Records for the task Block Start

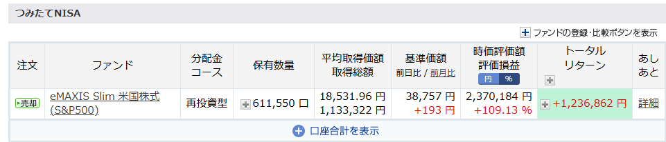 当時の旧つみたてNISAを2年ほど続け、投資元本は85万円程度でした。 2022年当時は含み益も数%にとどまっていましたが、そのまま毎月33,333円の積立を継続し(2023年末の制度終了)、結果2024年6月時点では円安と株高の恩恵も相まって「+70%」ほどの含み益に成長していました。
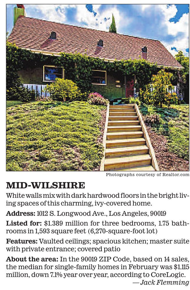 About the area: In the 90019 ZIP Code, based on 14 sales, the median for single-family homes in February was $1.115 million, down 7.1% year over year, according to CoreLogic.
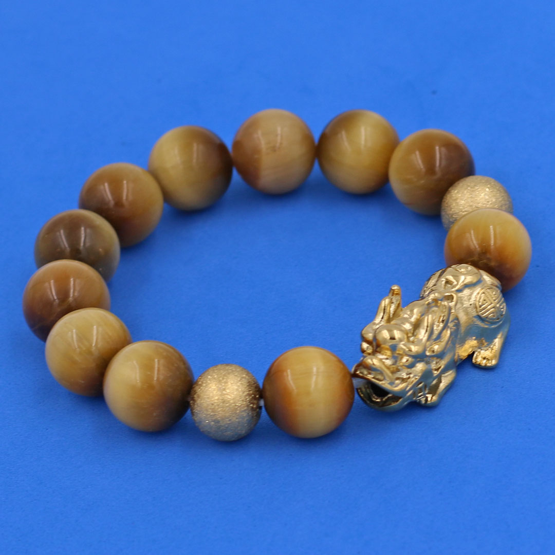 Thông tin sản phẩm : Vòng chuỗi đeo tay đá mắt hổ vàng 14 ly ( size lớn ) charm tỳ hưu và bi inox vàng, vòng tay chuỗi hạt
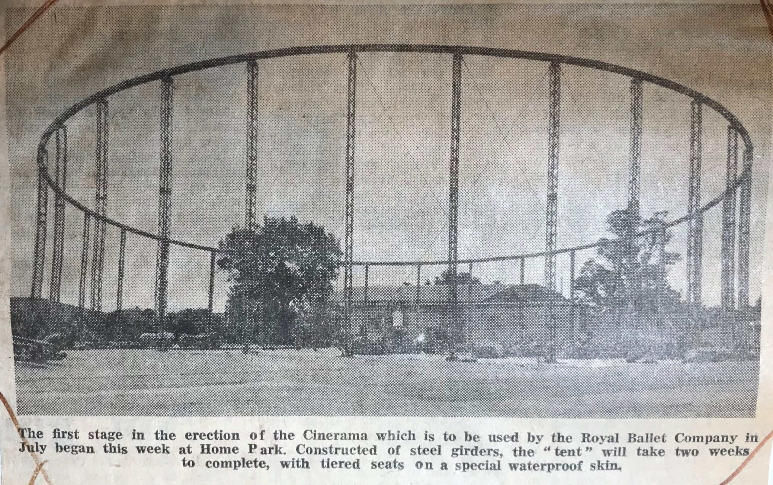 Before Plymouth’s new civic theatre, the Theatre Royal, opened in 1982, theatrical productions were staged in a very large tent, otherwise known as a Cinerama or Theatrama. It was erected for the summer season in most years from 1964 onwards on the hard standing at Higher Home Park between the Mayflower stand and Gilbert Lane.
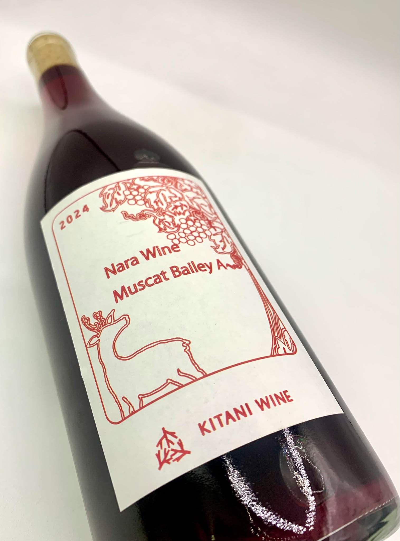 赤ワイン、750ml、樹脂製コルク栓(キャップシール無)、9.8alc、奈良県生駒郡平群町産マスカットベーリーA、自然発酵、補糖なし、亜硫酸添加なし
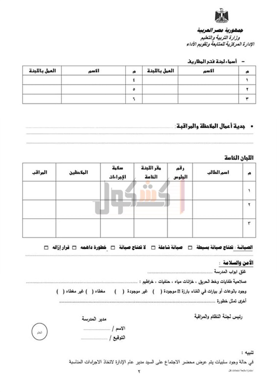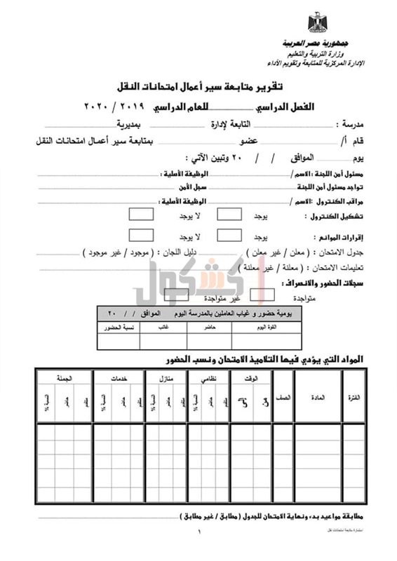 "كشكول" شكل استمارة متابعة امتحانات صفوف النقل، ويمكن الاطلاع عليها
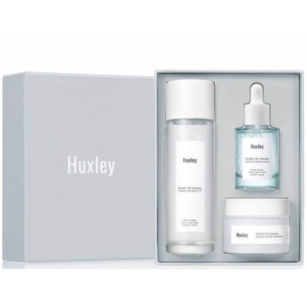 The first product in the Huxley Hydration Trio is a lightweight essence that penetrates deeply into the skin, providing an immediate boost of hydration. Following this, the moisturizer offers a rich yet non-greasy texture that locks in moisture throughout the day. Finally, the trio is complemented by a soothing cream that not only hydrates but also calms and revitalizes the skin, making it suitable for all skin types, including sensitive skin. Together, these products create a comprehensive hydration routine that addresses various skin concerns, promoting a balanced and youthful appearance.
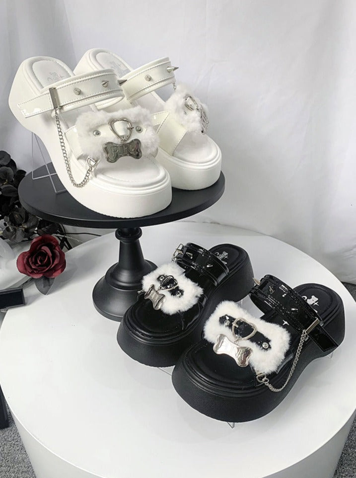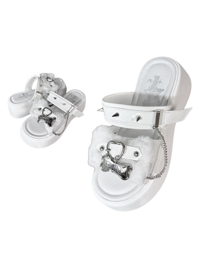 Add some edge to your wardrobe with these cute and unique Rivet Sandal Chain Flat Platform Punk Fur shoes. With a comfortable flat platform and stylish chain and fur detailing, these sandals are perfect for any fashion-forward individual looking to make a statement.
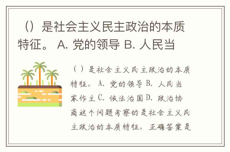 ()是社会主义民主政治的本质特征。 A. 党的领导 B. 人民当家作主 C. 依法治国 D. 政治协商

Records for the task Block End

What is expected » No pictures should appear in the copy. Print exactly the lines above from the line containing "Before Plymouth’s new" through the last line of the data.

Expected output »
 Before Plymouth’s new civic theatre, the Theatre Royal, opened in 1982, theatrical productions were staged in a very large tent, otherwise known as a Cinerama or Theatrama. It was erected for the summer season in most years from 1964 onwards on the hard standing at Higher Home Park between the Mayflower stand and Gilbert Lane.
 赤ワイン、750ml、樹脂製コルク栓(キャップシール無)、9.8alc、奈良県生駒郡平群町産マスカットベーリーA、自然発酵、補糖なし、亜硫酸添加なし
 "كشكول" شكل استمارة متابعة امتحانات صفوف النقل، ويمكن الاطلاع عليها
 The first product in the Huxley Hydration Trio is a lightweight essence that penetrates deeply into the skin, providing an immediate boost of hydration. Following this, the moisturizer offers a rich yet non-greasy texture that locks in moisture throughout the day. Finally, the trio is complemented by a soothing cream that not only hydrates but also calms and revitalizes the skin, making it suitable for all skin types, including sensitive skin. Together, these products create a comprehensive hydration routine that addresses various skin concerns, promoting a balanced and youthful appearance.
 Add some edge to your wardrobe with these cute and unique Rivet Sandal Chain Flat Platform Punk Fur shoes. With a comfortable flat platform and stylish chain and fur detailing, these sandals are perfect for any fashion-forward individual looking to make a statement.
 ()是社会主义民主政治的本质特征。 A. 党的领导 B. 人民当家作主 C. 依法治国 D. 政治协商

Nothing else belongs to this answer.